Gene Swann Graham | |
Birth Date: | 26 August 1924 |
Birth Place: | Murray, Kentucky |
Occupation: | Journalist |
Nationality: | American |
Education: | Bachelor of Science, 1948 |
Alma Mater: | Murray State College |
Notablework: | --> |
Children: | Susan Marie, Betty Jane, and Philip Gene |
Gene Swann Graham (August 26, 1924 – May 24, 1982) was an American journalist and educator who was associated for many years with the Nashville Tennessean and with the University of Illinois at Urbana–Champaign.[1] He was a co-winner of the Pulitzer Prize for National Reporting in 1962.[2] [3]
John Seigenthaler, former publisher of the Tennessean and a founding editorial director of USA Today, described Graham as "a multi-talented journalist, a first rate reporter, a wonderful cartoonist believe it or not, and also a fine editorialist."[4] David Halberstam, a fellow Pulitzer Prize winner and veteran of the Tennessean, called Graham a "great reporter."[5]
Graham was born in Murray, Kentucky. His parents were Carmon McWade Graham and Opal (Swann) Graham. After serving as a pilot in the U.S. Navy from 1943 to 1945, he attended Murray State College, from which he received a B.S. degree in 1948.
After graduating from Murray State, Graham went to work at the Nashville Tennessean, where he reported on city, county, state, and federal government news from 1948 to 1964. He also contributed editorial cartoons, some of which are now in the special collections of the University of Tennessee.[6]
He covered a trial that "marked the first time since Tennessee's Reconstruction that a white man had been found guilty and imprisoned for slaying an African American."[7]
After John F. Kennedy's assassination, Graham wrote in tribute: "He could never hide his humor.... He struggled for a dead pan but couldn't hold it; the devilish twinkle of his eye and the quirk of a mouth tempted to grin betrayed his forthcoming quips…[Now] the devilish eye, the betraying quirk of the mouth are gone. And nothing is funny about their departure."[8]
He was a visiting lecturer at the University of Illinois at Urbana-Champaign from 1964 to 1965, an associate professor of journalism at the same institution from 1965 to 1971, and a full professor there from 1972 to 1975. Gene Gilmore, a colleague of Graham's at Urbana-Champaign, described Graham as "very popular with the students" there and said that Graham had been "awarded instructor of the year honors more than once while there, recognition of his unique ability to relate to his students."
From 1966 to 1970, he was also a training consultant at The Boston Globe. In 1969–70, he was a seminar leader at the American Press Institute at Columbia University and a communications consultant for Middle Tennessee State University, traveling around central Tennessee in an effort to determine whether there as a need for a mass-communications program at MTSU. He concluded that there was such a need, and the program was established.
He retired because of a "struggle with cancer and brain tumors."
He served as press aide to the campaign of U.S. Senator Al Gore in 1969.

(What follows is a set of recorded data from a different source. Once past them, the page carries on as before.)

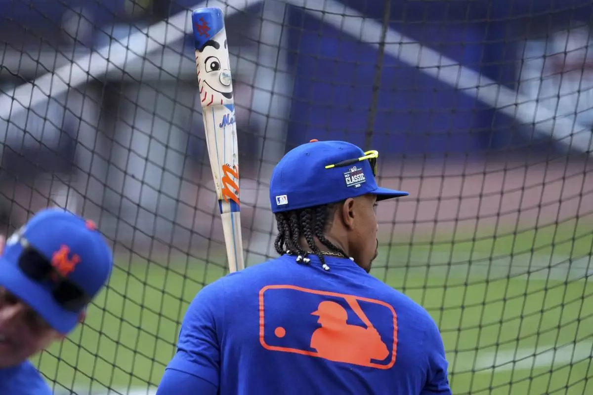 New York Mets' Francisco Lindor holds his Players' Weekend bat while waiting his turn in the batting cage before the Little League Classic baseball game against the Seattle Mariners at Bowman Field in Williamsport, Pa., Sunday, Aug. 17, 2025. (AP Photo/Gene J. Puskar)
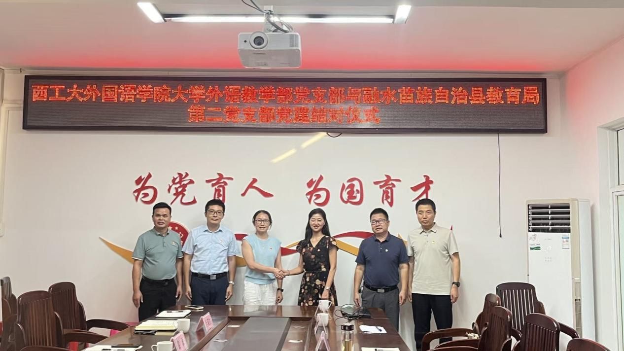党委构建“党支部结对共建+专业师生队伍送教”工作机制,大学外语教学部党支部与融水苗族自治县教育局第二党支部举行了结对联动仪式。王高祖强调,以结对帮扶为纽带,不仅要把先进的外语教学理念、教学方法送到基层课堂,助力提升当地教育教学质量,更要立足教育帮扶实际挖掘党建与业务融合的切入点,把党员先锋模范作用体现在备课指导、课堂示范、教师培训的每一个环节,实现“党建强”与“教育兴”同频共振、互促共进。
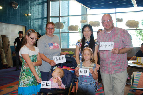 费佛尔大学孔子学院老师谌思澜(后排右二)为这一家人书写了中文名字
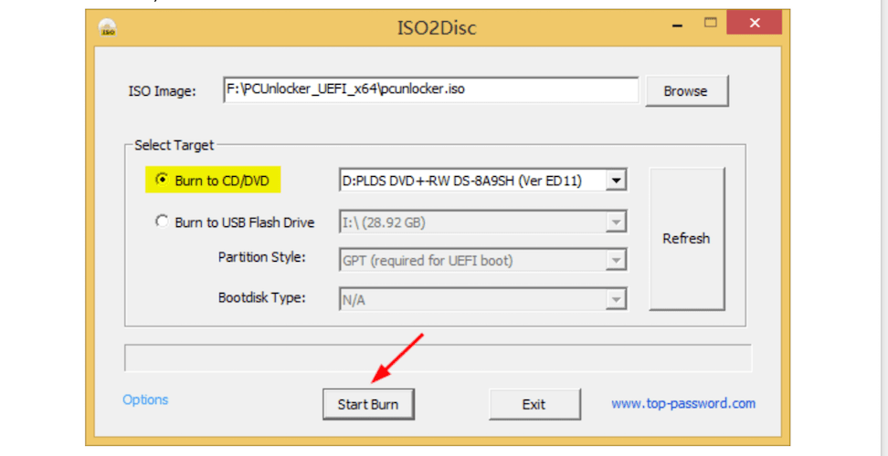 - Download and install the freeware ISO2Disc for creating bootable media. Start ISO2Disc and select the PCUnlocker ISO file you’ve downloaded, choose your target device (CD or USB drive) and click Start Burn.
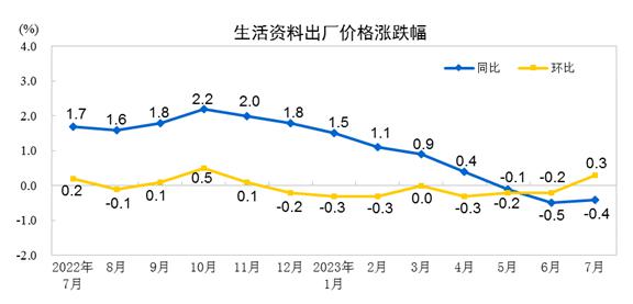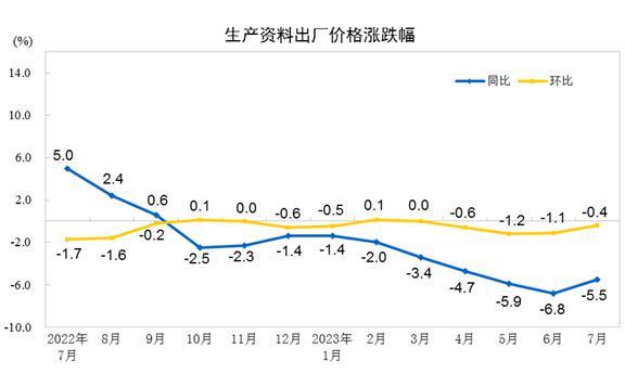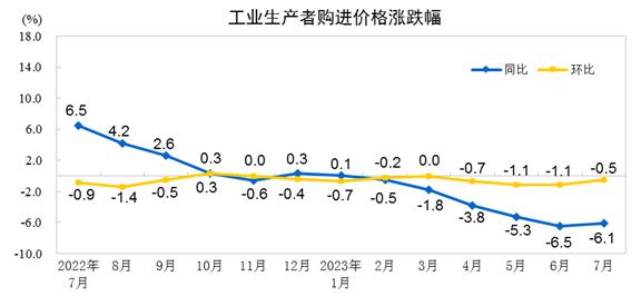 2023年7月份,全国工业生产者出厂价格同比下降4.4%,环比下降0.2%;工业生产者购进价格同比下降6.1%,环比下降0.5%。1―7月平均,工业生产者出厂价格比上年同期下降3.2%,工业生产者购进价格下降3.5%。
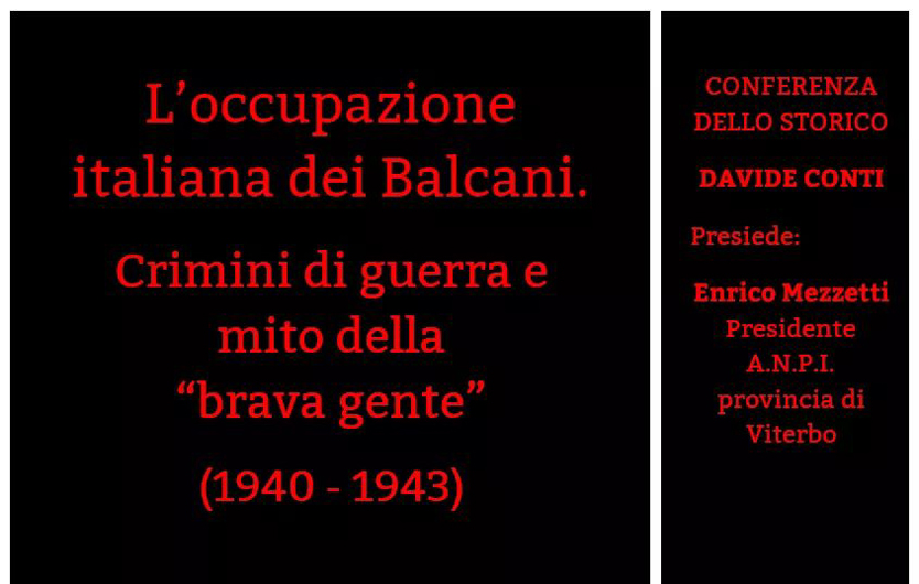 Venerdì 22 novembre, alle ore 16:30, presso la Sala Conferenze della Provincia, via Saffi 49, si terrà la conferenza tenuta dallo storico Davide Conti, sul tema: “L’occupazione italiana dei Balcani. Crimini di guerra e mito della ‘brava gente’ (1940 – 1943)”.
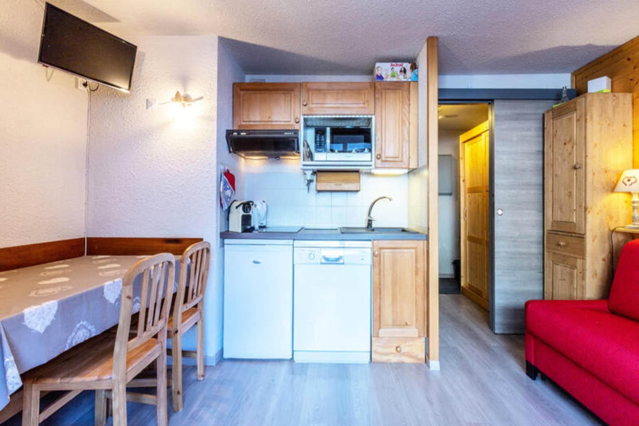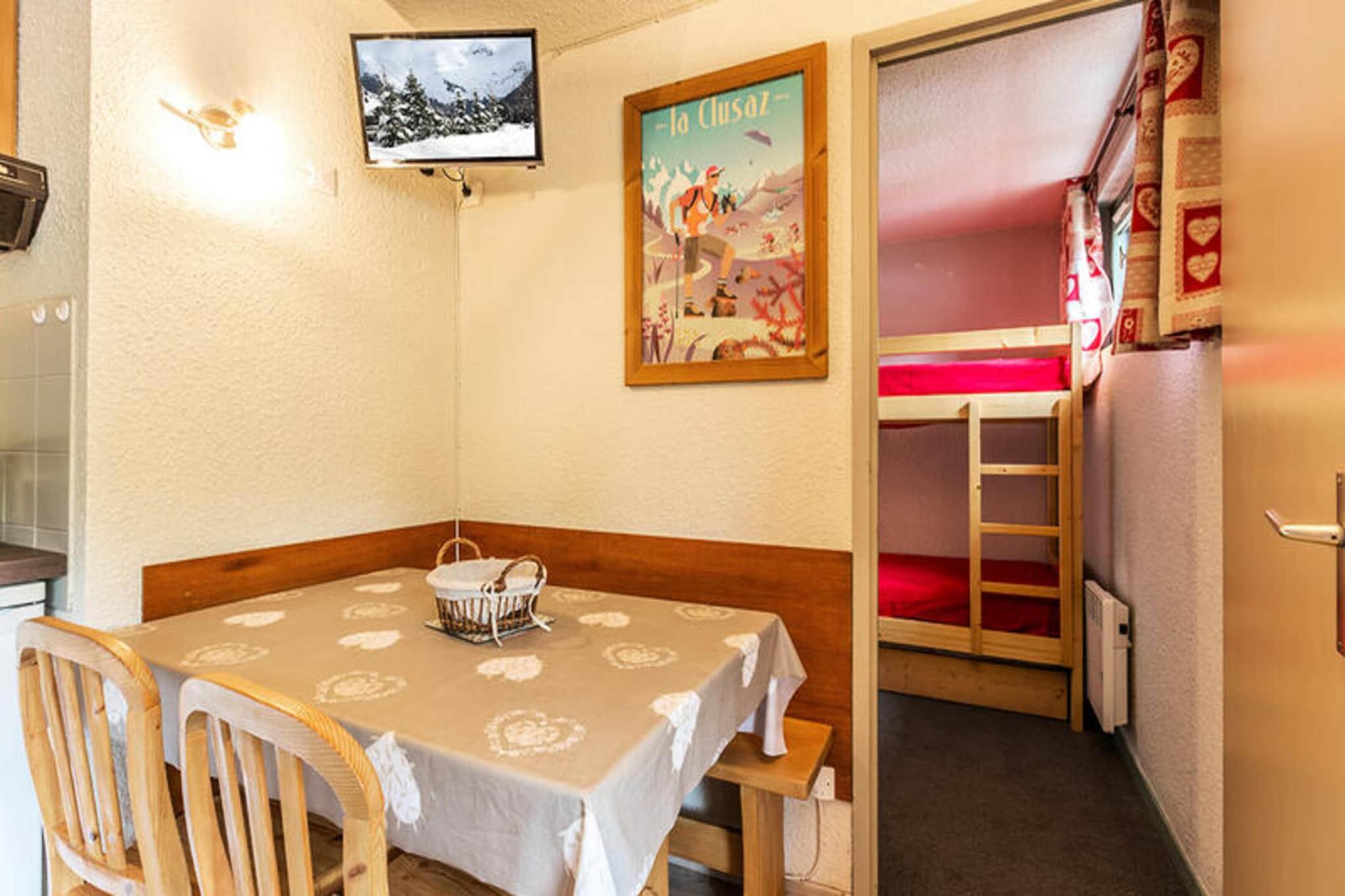 Denne ejendom, en charmerende og kompakt lejlighed, er ideel til en lille gruppe på op til 4 personer. Det har 2 værelser, herunder et lille soveværelse med køjesenge og en komfortabel opholdsstue med en rapido-sofa, der kan omdannes til en dobbeltseng. Fra stuen er der udgang til en stor østvendt altan med udsigt over landsbyen og de omkringliggende grantræer. Lejligheden er ikke-ryger, og kæledyr er ikke tilladt. Derudover har gæsterne adgang til et skiskab og overdækket parkeringsplads. Lagner og husholdningslinned kan lejes, og ejendommen tilbyder trådløs internetadgang. Ejendommen er beliggende i hjertet af La Clusaz, kun 300 meter fra Crêt du Merle stoleliften, som giver nem adgang til skiløb og vintersport. Lejligheden ligger også i gåafstand fra forskellige lokale attraktioner, herunder butikker, en biograf og Aquatic Center (i øjeblikket lukket for renovering i sommeren 2024). For offentlig transport er den nærmeste busstation 800 meter væk, og SNCF-togstationen ligger 33 km fra boligen, hvilket sikrer bekvemme rejsemuligheder for gæsterne. Lejligheden har et fuldt udstyret køkkenområde med væsentlige apparater såsom 2 elektriske kogeplader, en miniovn, et køleskab og en opvaskemaskine, perfekt til at tilberede måltider. En vaskemaskine er også til rådighed for nemheds skyld. Ejendommen har el-varme for et behageligt ophold og giver adgang til en overdækket parkeringsplads med specificerede dimensioner for parkeringsbekvemmelighed. Boligen er bygget i 1983 og har en elevator for nem adgang til første sal.
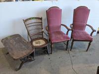 1468 Wooden Coffee Table, Antique Wicker Rocking Chair (2) Arm Chairs
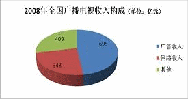 由于中國特色的收視習慣和廣播電視輿論宣傳功能,低門檻甚至零門檻的電視收視費用,使得有線網絡在整個商業(yè)價值鏈條上沒有顯示出應有的價值,而真正處于價值鏈核心的是以廣告為主體收入的電視臺。
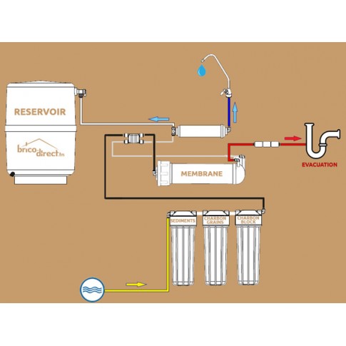Afin d'éviter d'utiliser l'eau filtrée pour les tâches ménagères (vaisselle, etc.) il est conseillé d'installer un deuxième robinet sur votre évier et qui sera dédié à l'eau filtrée
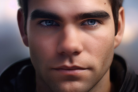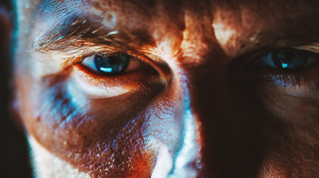 A close-up view of a man staring directly at the camera, revealing striking blue eyes. The intense gaze of the man captivates the viewers attention, drawing them into the depth and clarity of his blue eyes.
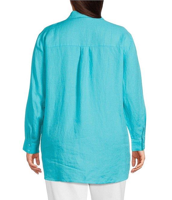 From Eileen Fisher plus, this shirt features: Organic linen fabrication Point collar neckline Long sleeves Round hem Button front closure Approx. 32.5" length Organic linen Machine wash Imported.

His book One Man, One Vote: Baker v. Carr and the American Levellers was published by Little, Brown in 1972.[9] It tells the story of the Supreme Court ruling that affirmed the principle of one-man-one-vote, which, in Graham's view, was "among the most important developments in the world's history of egalitarian ideas." Kirkus Reviews praised Graham's discussion of "people and politics" and his "delineation of the substantive legal issues," and called it "an informative, stimulating book."[10]
On October 11, 1968, he spoke at the University of Illinois at Urbana-Champaign about media coverage during wartime. He attributed what he called "the age of demonstration" to the emotional impact of television news, which he criticized "because facts are often distorted for entertainment value."[11]
In 1962, Graham and a colleague at the Tennessean, Nathan G. Caldwell, shared the Pulitzer Prize for National Reporting for "their exclusive disclosure and six years of detailed reporting, under great difficulties, of the undercover cooperation between management interests in the coal industry and the United Mine Workers." They had worked together for six years on the story, and "exposed a sweetheart deal between John L. Lewis, president of the United Mine Workers, and Cyrus Eaton, the billionaire financier who had major interests in the coal fields." Their articles, published under both journalists' bylines, "exposed how the deal robbed mine workers, many suffering from black lung disease, of their hospitalization,"[12] and led to a federal investigation and to lawsuits in which the union was found guilty of violating anti-trust laws.
Graham was a Nieman Fellow at Harvard University in 1962–63.
He was presented with Murray State's Distinguished Alumni Award in 1962. He was the first person to receive the award, which is still given annually.
Middle Tennessee State University awards the Gene Graham Journalism Award to junior journalism majors.[13]
He married Martha Fentress in 1945. They had three children, Susan Marie, Betty Jane, and Philip Gene. He was a member of the Disciples of Christ.